Apply homographic alignment on background to match with the source image.
"""
def __init__(self):
self.detector = cv2.ORB_create() #
'''
ORB 采用FAST(features from accelerated segment test)算法来检测特征点.
FAST核心思想是, 找出那些卓尔不群的点,即拿一个点跟它周围的点比较,
如果它和其中大部分的点都不一样就可以认为它是一个特征点.
'''
self.matcher = cv2.DescriptorMatcher_create(cv2.DESCRIPTOR_MATCHER_BRUTEFORCE)
'''
描述符匹配,特征匹配
'''
def __call__(self, src, bgr):
src = np.asarray(src)
bgr = np.asarray(bgr)
keypoints_src, descriptors_src = self.detector.detectAndCompute(src, None)
keypoints_bgr, descriptors_bgr = self.detector.detectAndCompute(bgr, None)
matches = self.matcher.match(descriptors_bgr, descriptors_src, None)
matches.sort(key=lambda x: x.distance, reverse=False)
num_good_matches = int(len(matches) * 0.15)
matches = matches[:num_good_matches]
points_src = np.zeros((len(matches), 2), dtype=np.float32)
points_bgr = np.zeros((len(matches), 2), dtype=np.float32)
for i, match in enumerate(matches):
points_src[i, :] = keypoints_src[match.trainIdx].pt
points_bgr[i, :] = keypoints_bgr[match.queryIdx].pt
#
H, _ = cv2.findHomography(points_bgr, points_src, cv2.RANSAC)
h, w = src.shape[:2]
bgr = cv2.warpPerspective(bgr, H, (w, h)) #透视变换
msk = cv2.warpPerspective(np.ones((h, w)), H, (w, h))
# For areas that is outside of the background,
# We just copy pixels from the source.
bgr[msk != 1] = src[msk != 1]
src = Image.fromarray(src)
bgr = Image.fromarray(bgr)
return src, bgr关于图像对齐可参考:
[1] - Image Alignment (Feature Based) using OpenCV (C++/Python)
[2] - 使用OpenCV实现基于特征的图像对齐
2. 图像抠图
对图像进行抠图(多线程).
import argparse
import torch
import os
import shutil
from torch.nn import functional as F
from torch.utils.data import DataLoader
from torchvision import transforms as T
from torchvision.transforms.functional import to_pil_image
from threading import Thread
from tqdm import tqdm
from dataset import ImagesDataset, ZipDataset
from dataset import augmentation as A
from model import MattingBase, MattingRefine
from inference_utils import HomographicAlignment
# --------------- Arguments ---------------
parser = argparse.ArgumentParser(description='Inference images')
parser.add_argument('--model-type', type=str, required=True, choices=['mattingbase', 'mattingrefine'])
parser.add_argument('--model-backbone', type=str, required=True, choices=['resnet101', 'resnet50', 'mobilenetv2'])

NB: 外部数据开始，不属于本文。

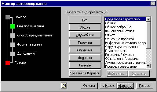 Наверное, среди предлагаемых в окне шаблонов вы сможете подобрать нужный. Если же все-таки подходящей темы не нашлось, нажмите кнопку Добавить или Все, чтобы получить список всех шаблонов презентаций. После выбора шаблона презентации (например, Финансовый отчет компании) и нажатия кнопки Далее вы попадете в окно мастера автосодержания, в котором необходимо выбрать способ демонстрации презентации. Если вы планируете проводить презентацию самостоятельно, оставьте включенной опцию Доклады, совещания, выдачи. Если материалы будут опубликованы и затем продемонстрированы без вашего участия, выберите опцию Интернет, киоск. Киоском в PowerPoint 97 называют место, где презентация демонстрируется без участия пользователя (например, рекламный стенд или витрина магазина).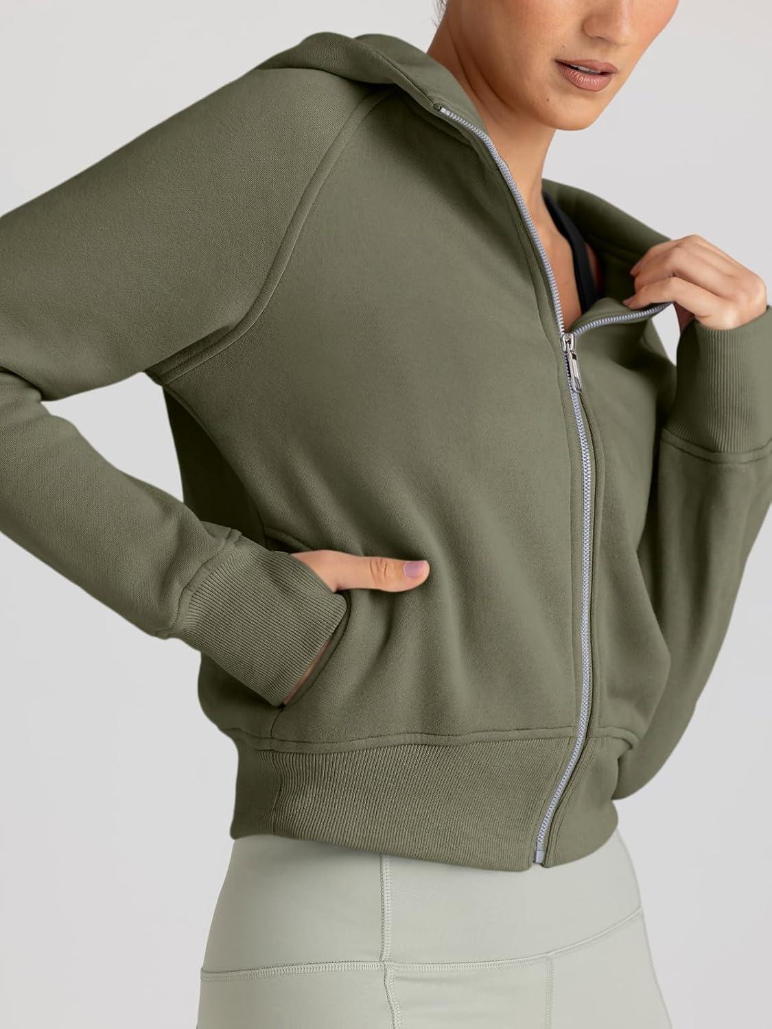 Trendy Queen Womens Zip Up Hoodies Jackets Cropped Sweatshirts Fleece Fall Outfits Casual Comfy Y2k Tops Winter Clothes 2025(Armygreen)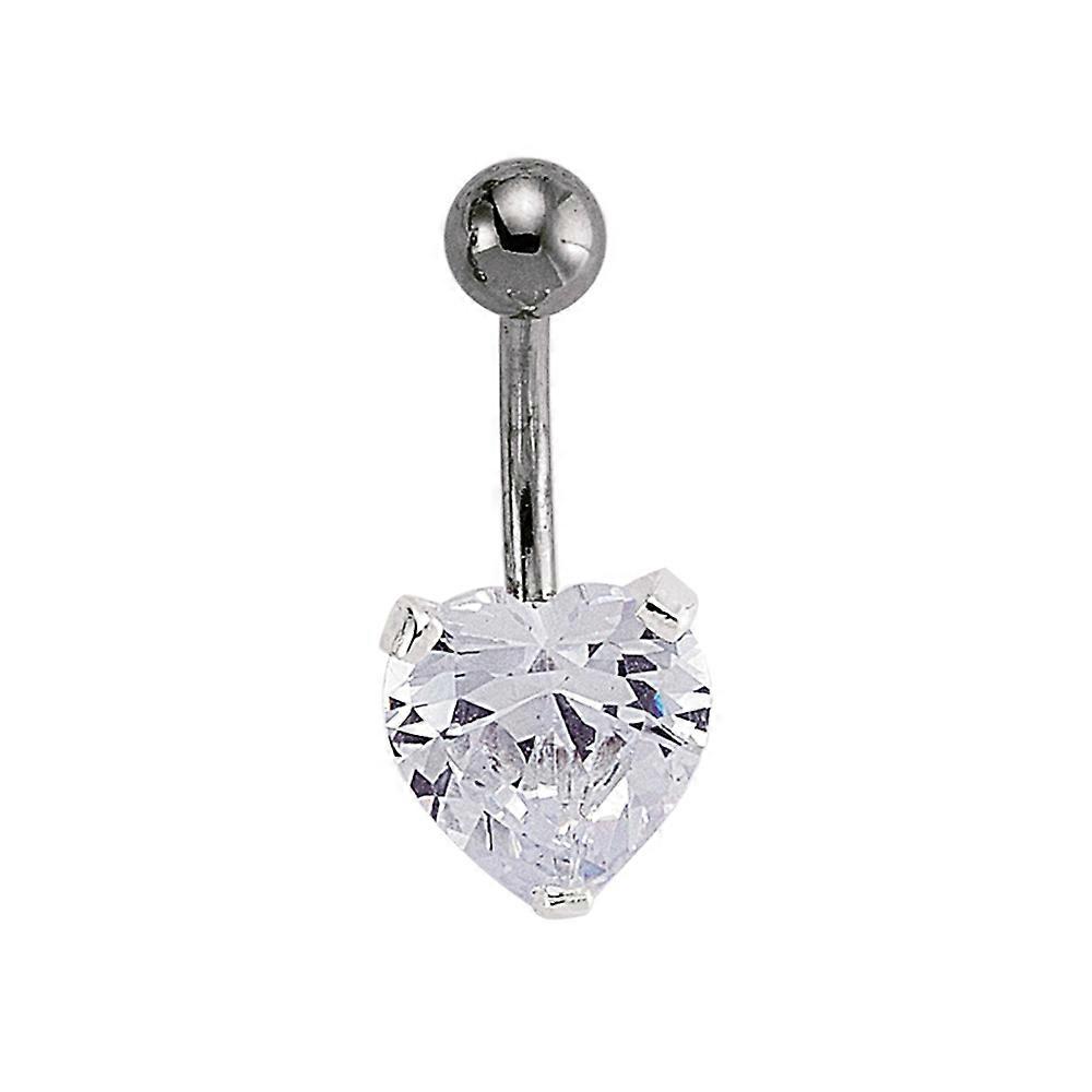 Jewelco London Sterling Silver Solitaire Cubic Zirconia Love Heart with Stainless Steel Belly Bar & Ball

parser.add_argument('--model-backbone-scale', type=float, default=0.25)
parser.add_argument('--model-checkpoint', type=str, required=True)
parser.add_argument('--model-refine-mode', type=str, default='sampling', choices=['full', 'sampling', 'thresholding'])
parser.add_argument('--model-refine-sample-pixels', type=int, default=80_000)
parser.add_argument('--model-refine-threshold', type=float, default=0.7)
parser.add_argument('--model-refine-kernel-size', type=int, default=3)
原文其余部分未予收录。